School of Public Health and Management, Chongqing Medical University, Chongqing 400016, China.
Chongqing Municipal Center for Disease Control and Prevention, Chongqing 400042, China.
Int J Environ Res Public Health. 2022 May 29;19(11):6625. doi: 10.3390/ijerph19116625.

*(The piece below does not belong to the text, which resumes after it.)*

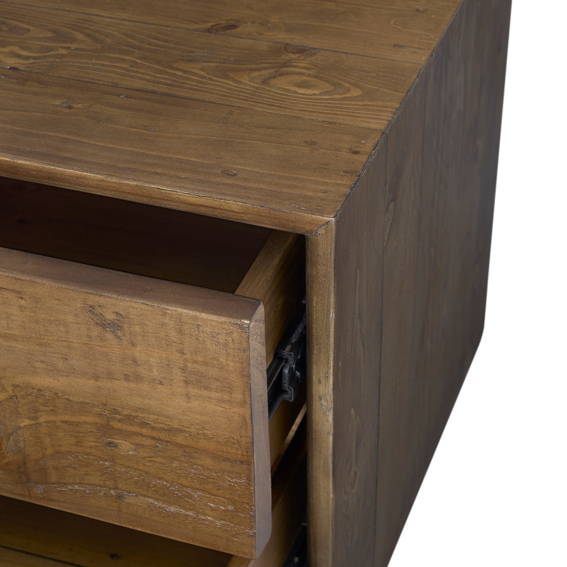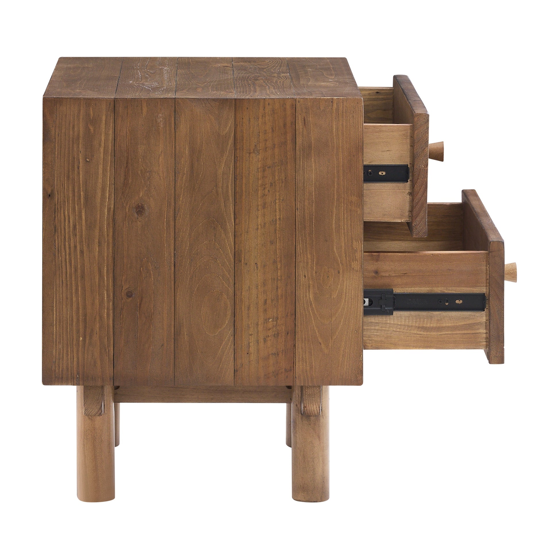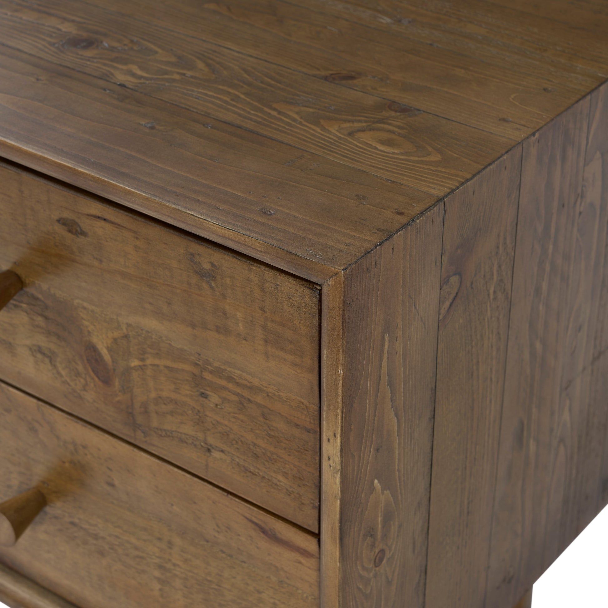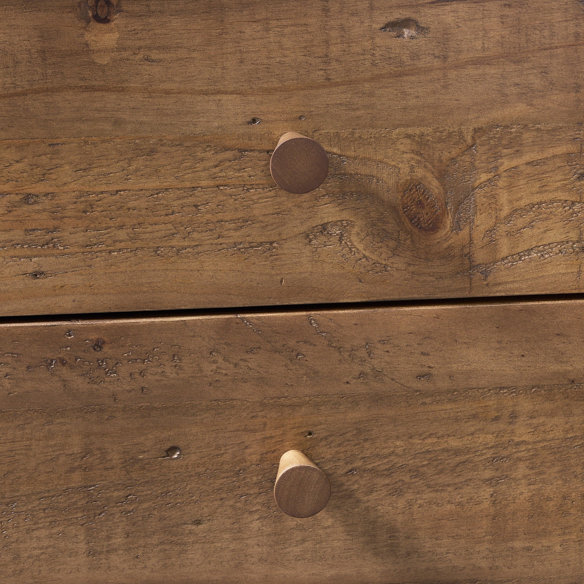 Apportez chaleur et fonctionnalité à votre chambre avec la table de chevet Washington à deux tiroirs. Fabriquée en bois recyclé, chaque pièce révèle des veinures uniques et des nœuds naturels qui témoignent de l'histoire du matériau. Deux tiroirs spacieux offrent un grand espace de rangement pour vos essentiels de nuit, tandis que son format compact lui permet de se glisser facilement à côté de votre lit. Ses pieds cylindriques robustes lui confèrent une touche de modernité, alliant charme rustique et style contemporain.
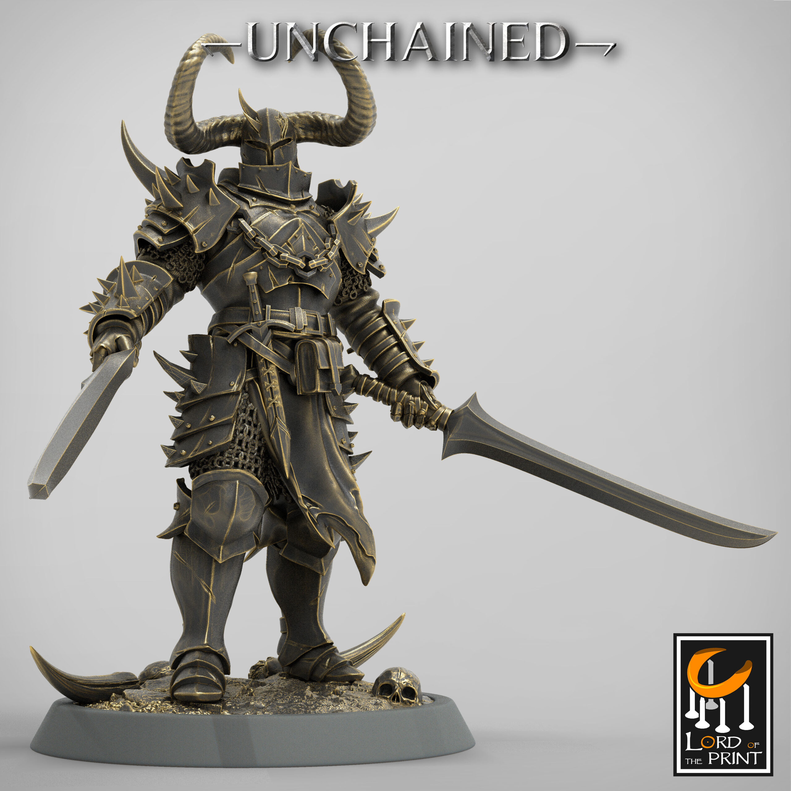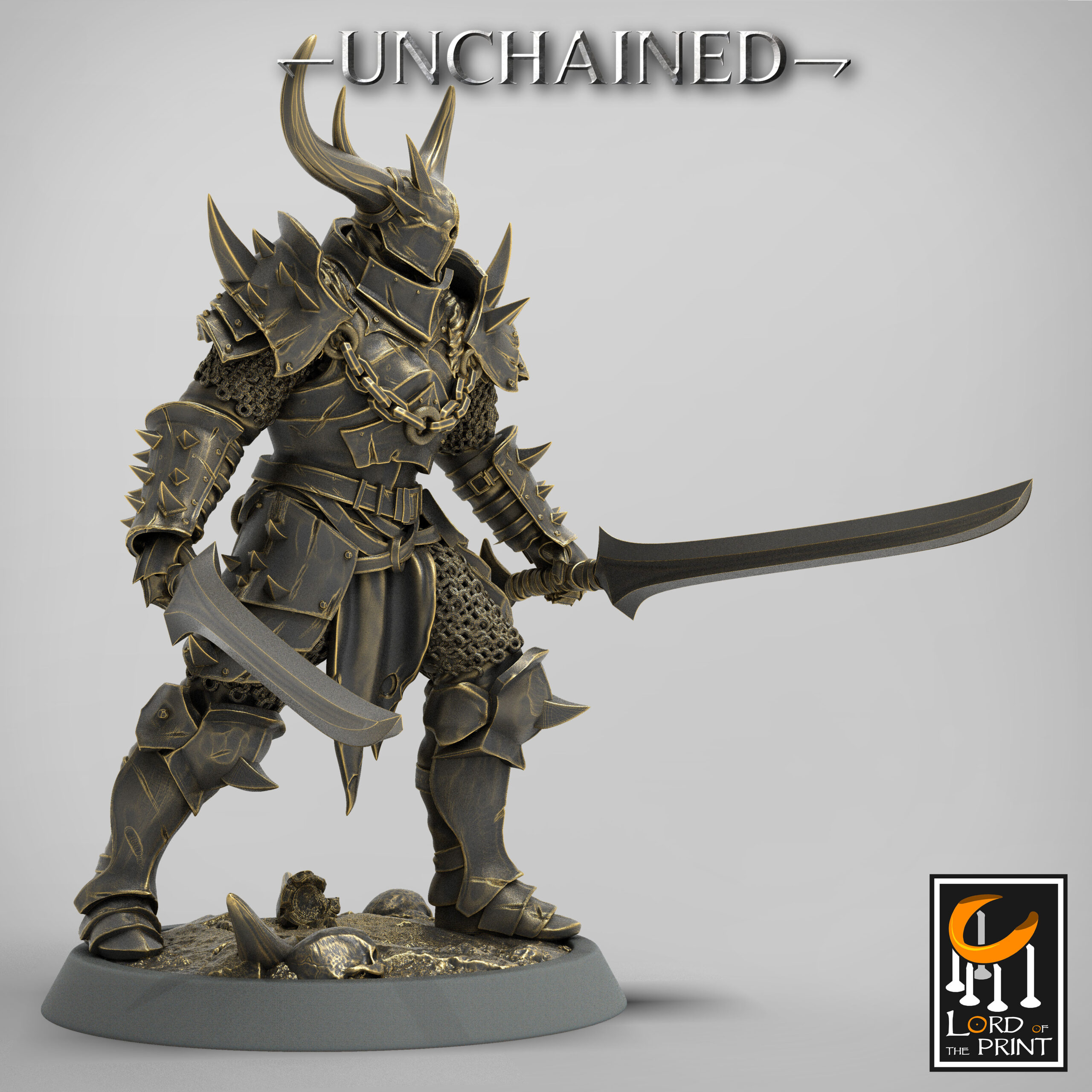 Oferujemy pięć figurek Warriors / Chosen / Fallen with dual swords (Light Fighters od Lord of the Print), wydrukowane na drukarce żywicznej.

(1) Background: To explore whether meteorological factors have an impact on the prevalence of mumps, and to make a short−term prediction of the case number of mumps in Chongqing. (2) Methods: K−means clustering algorithm was used to divide the monthly mumps cases of each year into the high and low case number clusters, and Student t−test was applied for difference analysis. The cross−correlation function (CCF) was used to evaluate the correlation between the meteorological factors and mumps, and an ARIMAX model was constructed by additionally incorporating meteorological factors as exogenous variables in the ARIMA model, and a short−term prediction was conducted for mumps in Chongqing, evaluated by MAE, RMSE. (3) Results: All the meteorological factors were significantly different (p < 0.05), except for the relative humidity between the high and low case number clusters. The CCF and ARIMAX model showed that monthly precipitation, temperature, relative humidity and wind velocity were associated with mumps, and there were significant lag effects. The ARIMAX model could accurately predict mumps in the short term, and the prediction errors (MAE, RMSE) were lower than those of the ARIMA model. (4) Conclusions: Meteorological factors can affect the occurrence of mumps, and the ARIMAX model can effectively predict the incidence trend of mumps in Chongqing, which can provide an early warning for relevant departments.
(1) 背景:探讨气象因素是否对流行性腮腺炎发病有影响,并对重庆市流行性腮腺炎发病例数进行短期预测。(2) 方法:采用 K−means 聚类算法将每年的流行性腮腺炎月发病例数分为高发和低发病例聚类,应用 Student t−检验进行差异分析。采用交叉相关函数(CCF)评价气象因素与流行性腮腺炎的相关性,将气象因素作为外生变量加入到 ARIMA 模型中构建 ARIMAX 模型,并对重庆市流行性腮腺炎进行短期预测,通过平均绝对误差(MAE)和均方根误差(RMSE)进行评价。(3) 结果:除高发和低发病例聚类的相对湿度外,各气象因素均有显著性差异(p < 0.05)。CCF 和 ARIMAX 模型表明,月降水量、月平均气温、月相对湿度和月风速与流行性腮腺炎有关,且存在明显的滞后效应。ARIMAX 模型可较准确地对短期流行性腮腺炎进行预测,预测误差(MAE、RMSE)均低于 ARIMA 模型。(4) 结论:气象因素可影响流行性腮腺炎的发生,ARIMAX 模型可有效预测重庆市流行性腮腺炎发病趋势,为相关部门提供早期预警。